Agreed if this means being the central administration server. If it means web-serving to a central server, it doesn’t need to know it’s doing that, however its web server only takes incoming connections, so it needs help if that’s hard to have. This probably depends on barriers such as firewall, NAT, company security, etc. Duplicati on a headless Linux box can be managed through either direct browsing, or SSH port forwarding. Reverse port forwarding through ssh -R or PuTTY plink could go out to bring remote port back to Duplicati.
The dumb storage destination seems to be the assumption of CloudBerry MMS too. The layout difference appears to be that there’s a managed backup site that works with both the on-client backup agent and the service provider. Duplicati (with its focus on open-source software, and not on sale of services) lacks this, preferring direct access from browser or Pectojin’s CLI client to the Duplicati server on that specific client.

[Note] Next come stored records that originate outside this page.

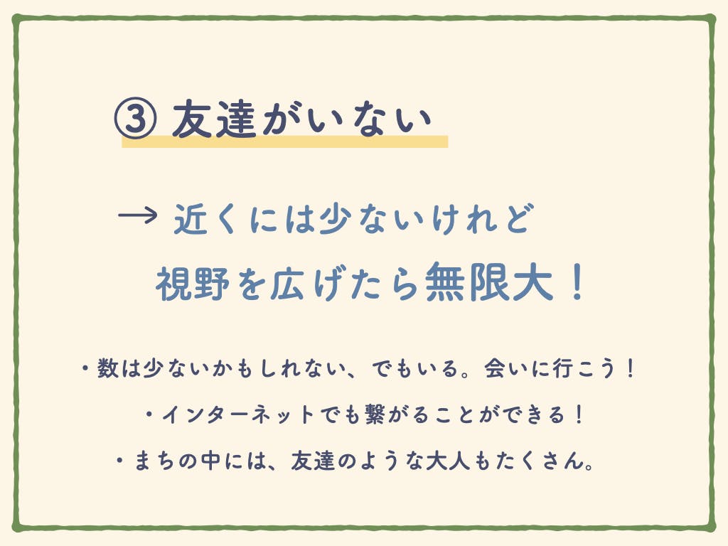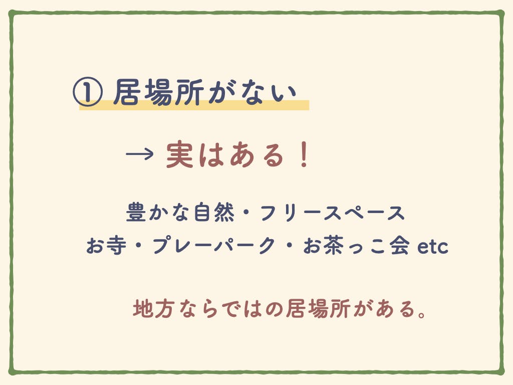 息子との日々や、おさんぽ会の活動を続けてきた出会いの中で、地方ならではの不登校の問題があることがわかりました。それはこの3つです。
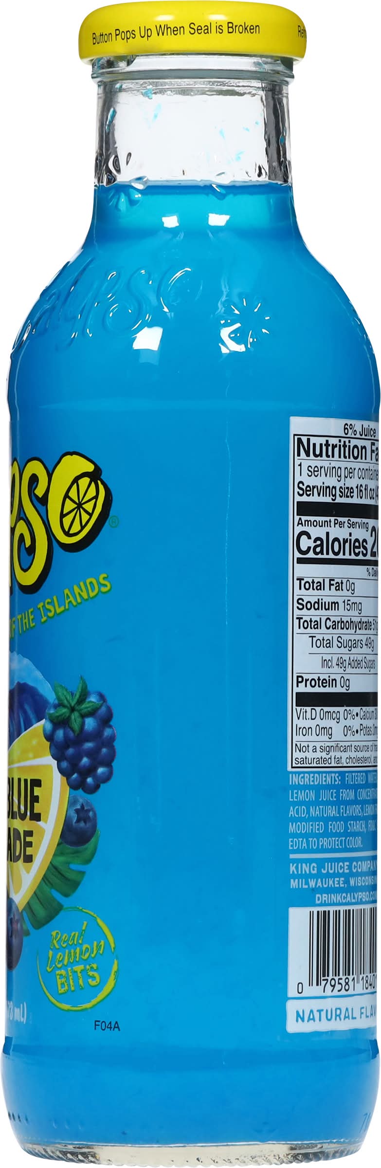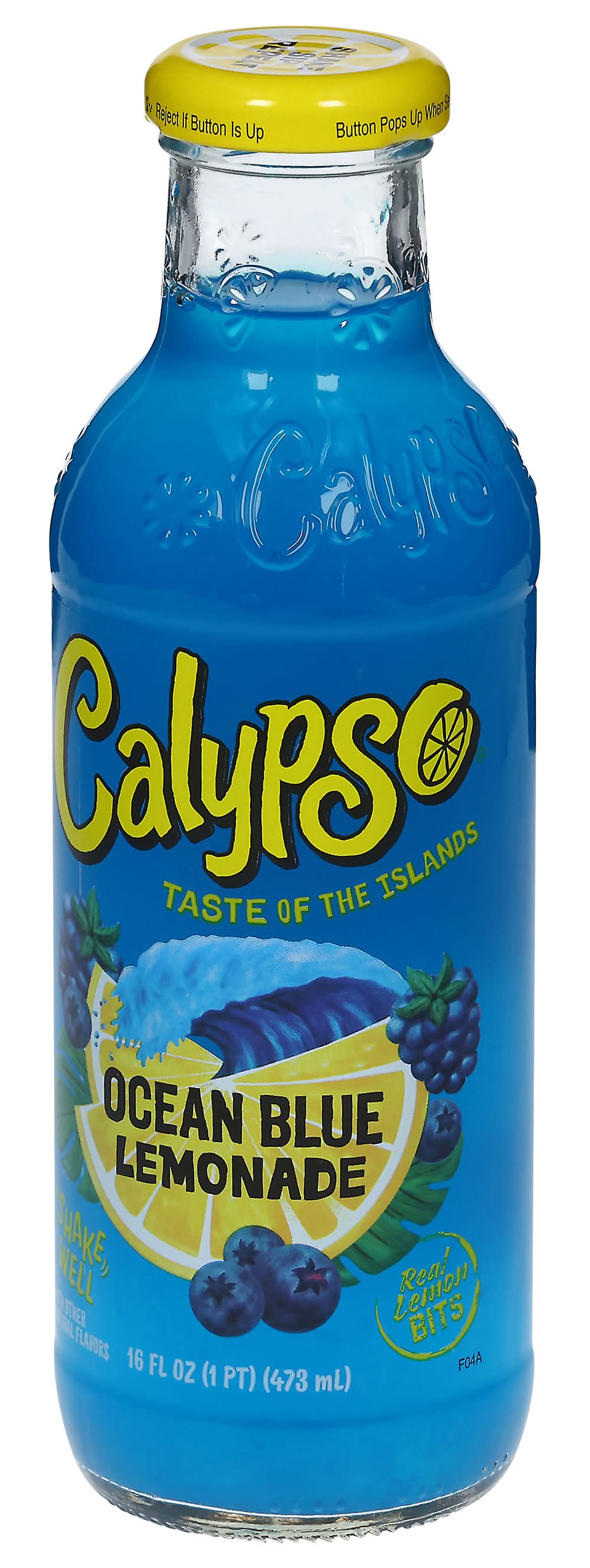 With other natural flavors. Natural flavors. Real lemon bits. Taste of the Islands: Some say if you hold a big seashell to your ear, you can hear the ocean waves crashing. I say, hold an Ocean Blue Lemonade to your mouth instead. It's a whole tidal wave of blue raspberry flavor that you can hear with your taste buds. • Brand: Calypso • kosher • King Juice Company, Inc., Milwaukee,WI,53221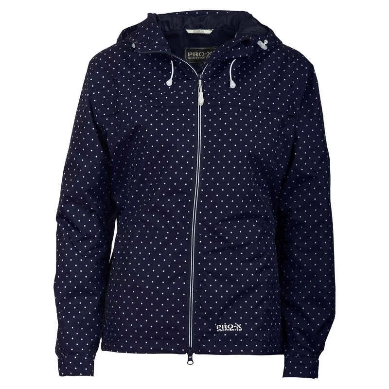 Atmungsaktive Damenjacke aus PXE-PRO mit dekorativem All-Over-Print. Durchgehender, unterlegter 2-Wege-Front-RV. Angeschnittene, verstellbare Schirmkapuze. 2 Seitentaschen. Innentasche als Packtasche. Verstellbare Armabschlüsse. Smartphone-Tasche. Gewicht in Gr. 38 = 400 g. Rückenlänge in Gr. 38 = 73 cm.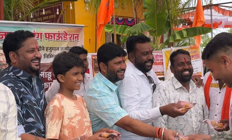 *जय बजरंग फाउंडेशनच्या वतीने हनुमान चालीसा व लाडूवाटप* हनुमानांचा आदर्श युवक, बालकांना कळावा, हेतूने उपक्रम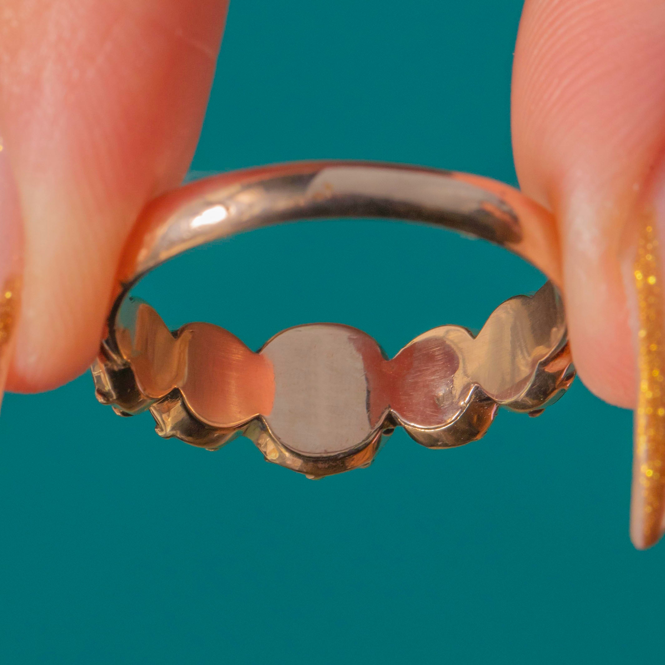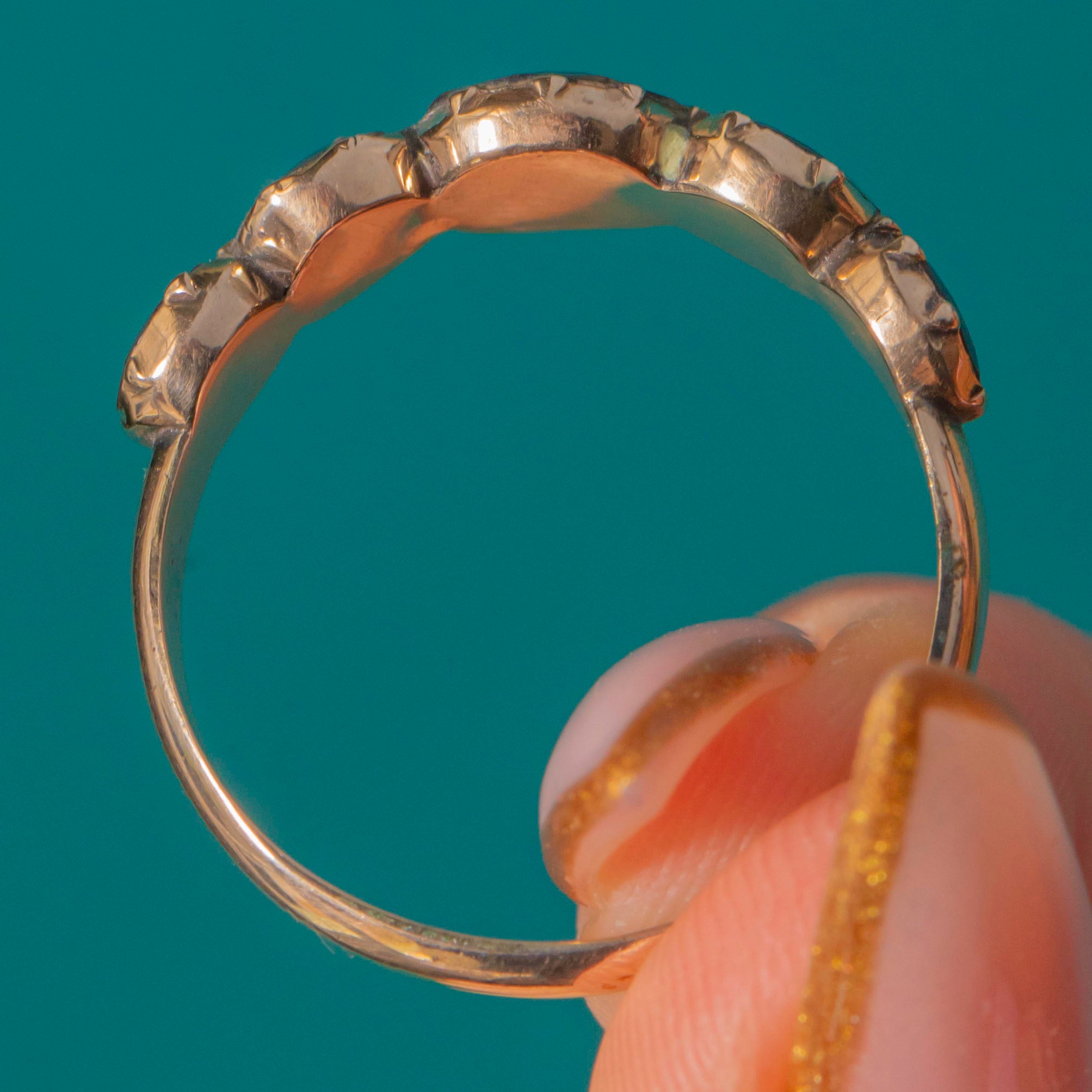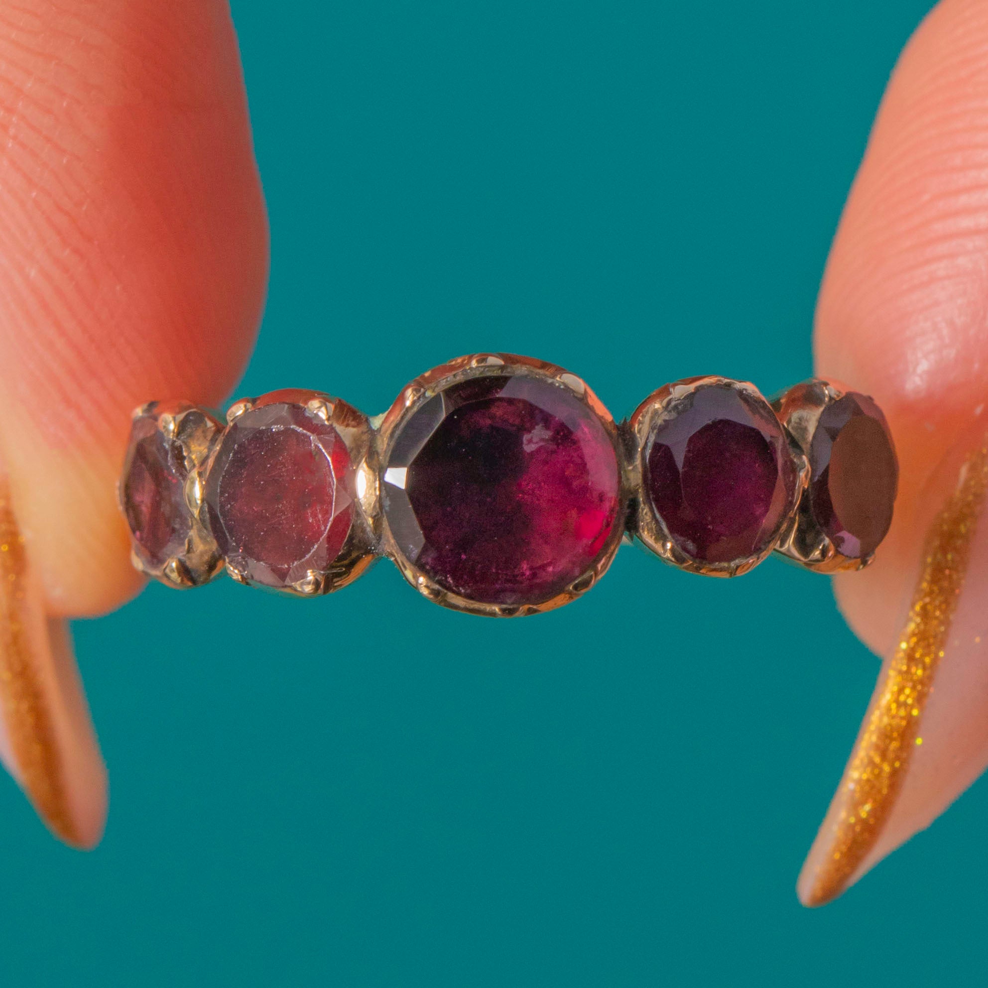 Deep wine-red Garnets glow across this elegant Georgian five-stone half hoop. Graduating gently to the centre, each Garnet is framed in decorative crimped collet settings, the backs closed in classic early 19th-century style. The warm 9ct Gold band and gallery add a soft antique radiance that makes this ring so wearable and beautifully romantic.

Agreed. Depending on your needs and environment, it’s either pretty easy (if you can connect into clients), or takes some network work to set up. Monitoring status centrally is somewhat aided, thanks to third-party software which builds on built-in reporting options. Examples include duplicati-monitoring and dupReport.
Your central server might be an SSH server and a browser to go to SSH tunnel to Duplicati of your choice, however if you want less client autonomy and more centralized scripting, have the CLI client run the show. Unlike the client that ships with Duplicati, the Pectojin client works through a lower-level API to web server.